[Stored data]
########
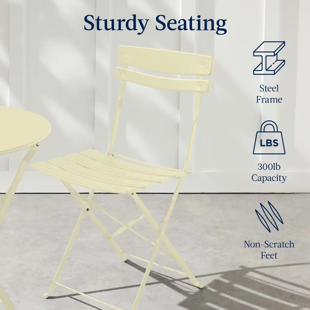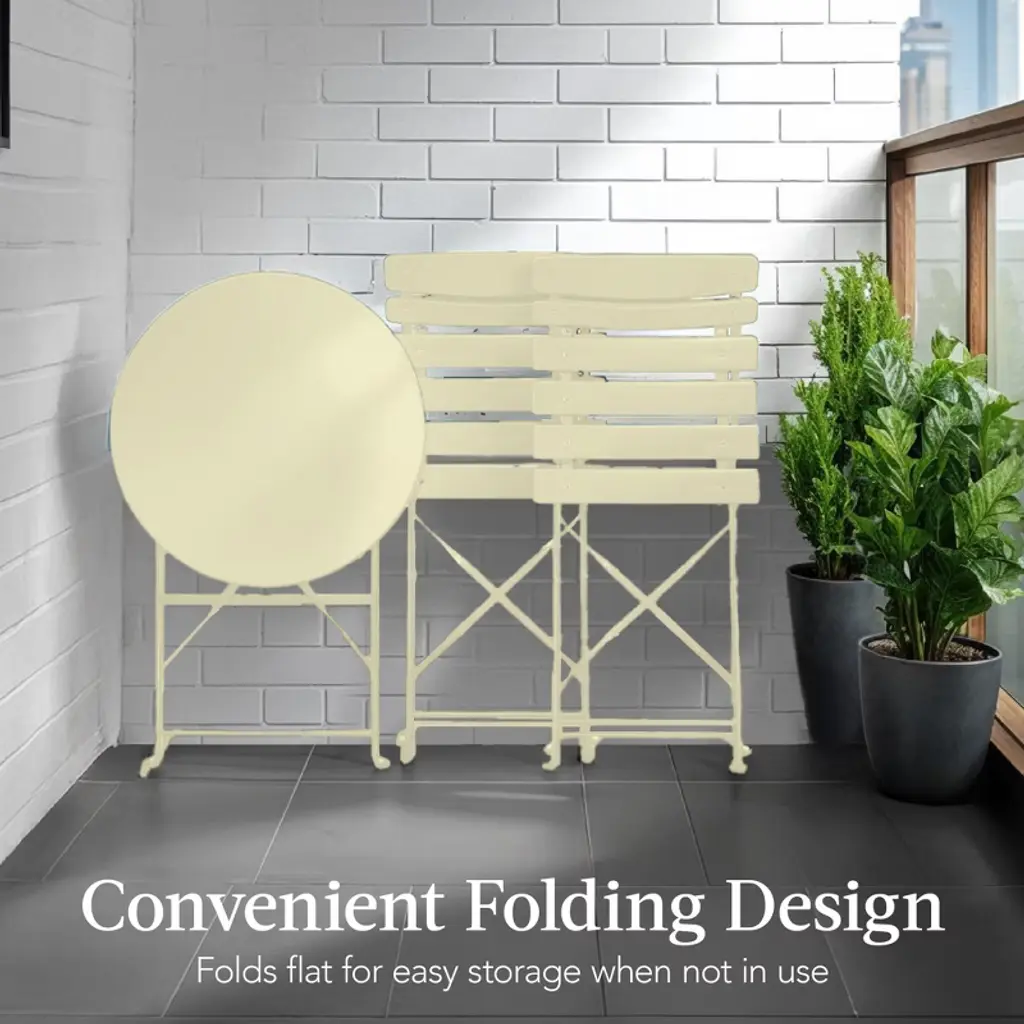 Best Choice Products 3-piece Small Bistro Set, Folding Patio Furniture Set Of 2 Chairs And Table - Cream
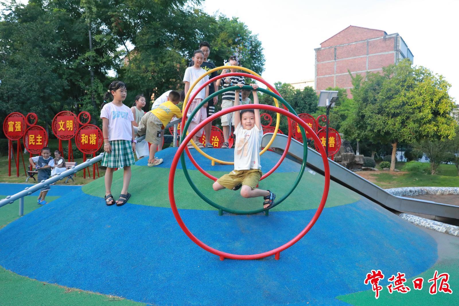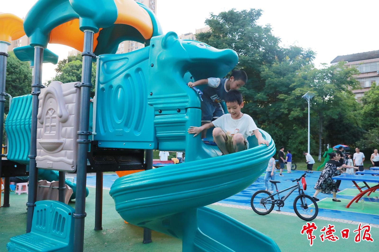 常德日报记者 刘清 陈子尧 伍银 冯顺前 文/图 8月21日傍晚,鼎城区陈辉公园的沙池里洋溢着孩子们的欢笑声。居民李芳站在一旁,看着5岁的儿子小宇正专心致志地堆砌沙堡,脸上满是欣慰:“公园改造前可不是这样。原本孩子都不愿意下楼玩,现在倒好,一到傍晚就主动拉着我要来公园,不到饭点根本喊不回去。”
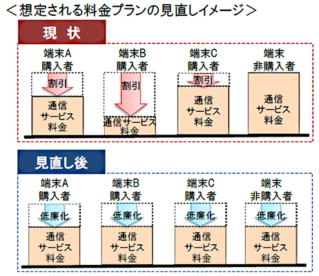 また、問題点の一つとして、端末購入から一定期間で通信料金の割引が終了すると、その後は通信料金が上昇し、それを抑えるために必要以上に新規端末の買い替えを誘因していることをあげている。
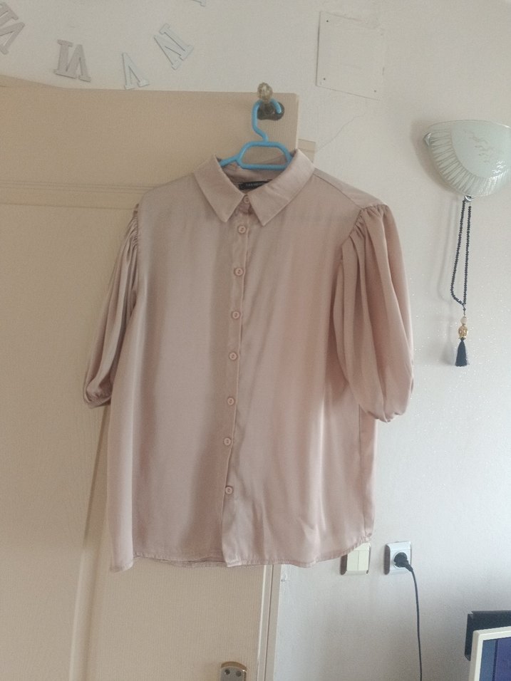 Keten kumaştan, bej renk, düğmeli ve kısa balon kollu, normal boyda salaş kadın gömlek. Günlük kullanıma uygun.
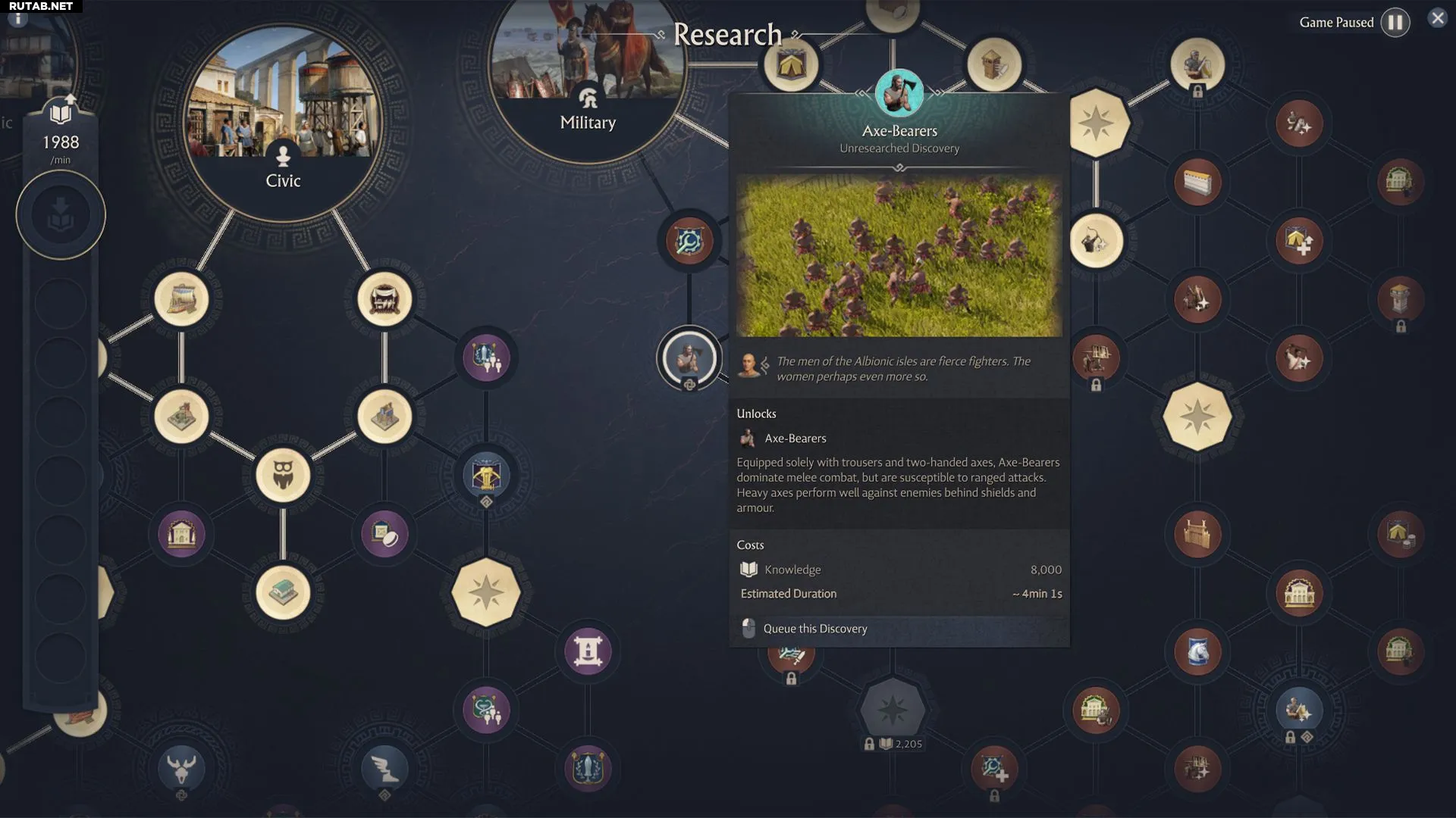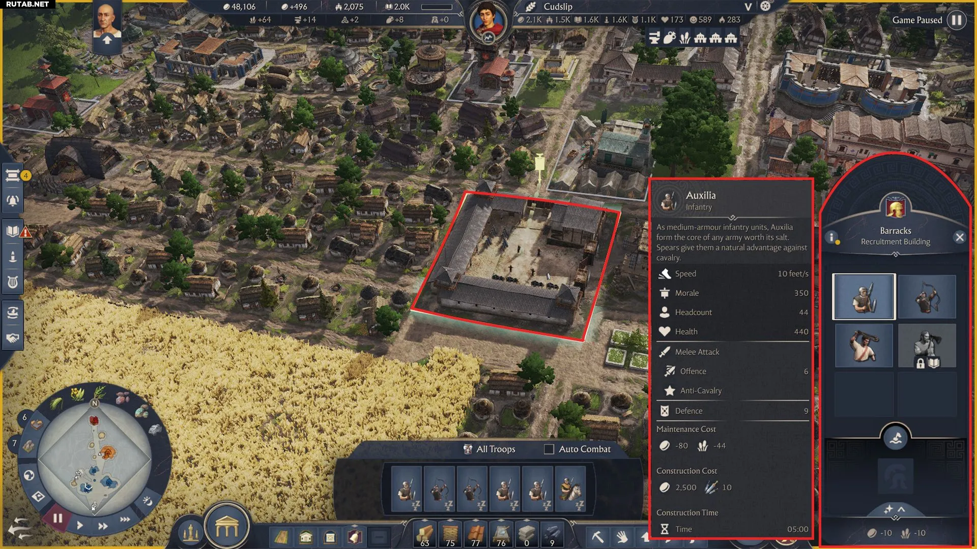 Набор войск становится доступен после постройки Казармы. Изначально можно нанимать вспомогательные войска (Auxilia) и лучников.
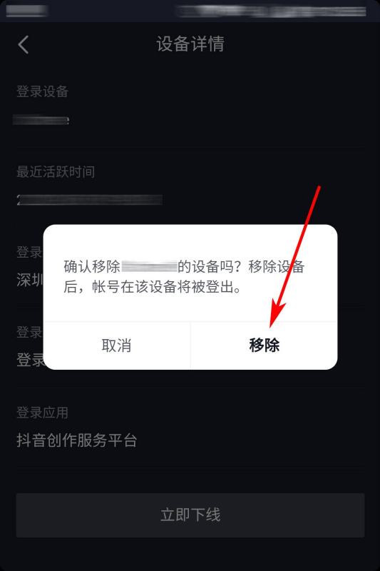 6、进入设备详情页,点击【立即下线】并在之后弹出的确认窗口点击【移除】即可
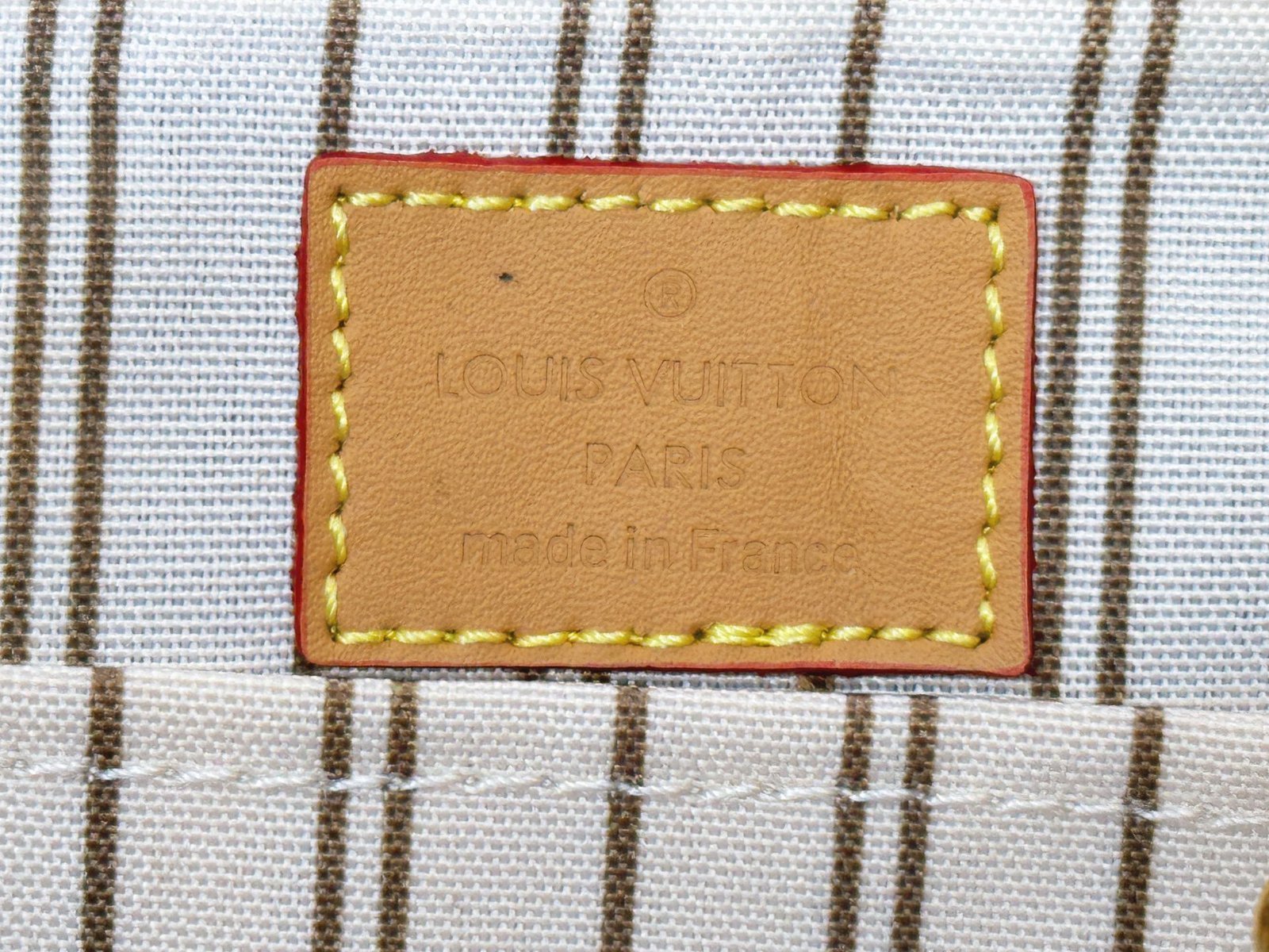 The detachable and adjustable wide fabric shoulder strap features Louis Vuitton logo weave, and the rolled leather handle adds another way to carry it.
########
Assignment -> Only the lines from the one containing "また、問題点の一つとして、端" through the final line of the entries belong in the copy, both ends included. Pictures stay out.

Solution to the exercise ->
 また、問題点の一つとして、端末購入から一定期間で通信料金の割引が終了すると、その後は通信料金が上昇し、それを抑えるために必要以上に新規端末の買い替えを誘因していることをあげている。
 Keten kumaştan, bej renk, düğmeli ve kısa balon kollu, normal boyda salaş kadın gömlek. Günlük kullanıma uygun.
 Набор войск становится доступен после постройки Казармы. Изначально можно нанимать вспомогательные войска (Auxilia) и лучников.
 6、进入设备详情页,点击【立即下线】并在之后弹出的确认窗口点击【移除】即可
 The detachable and adjustable wide fabric shoulder strap features Louis Vuitton logo weave, and the rolled leather handle adds another way to carry it.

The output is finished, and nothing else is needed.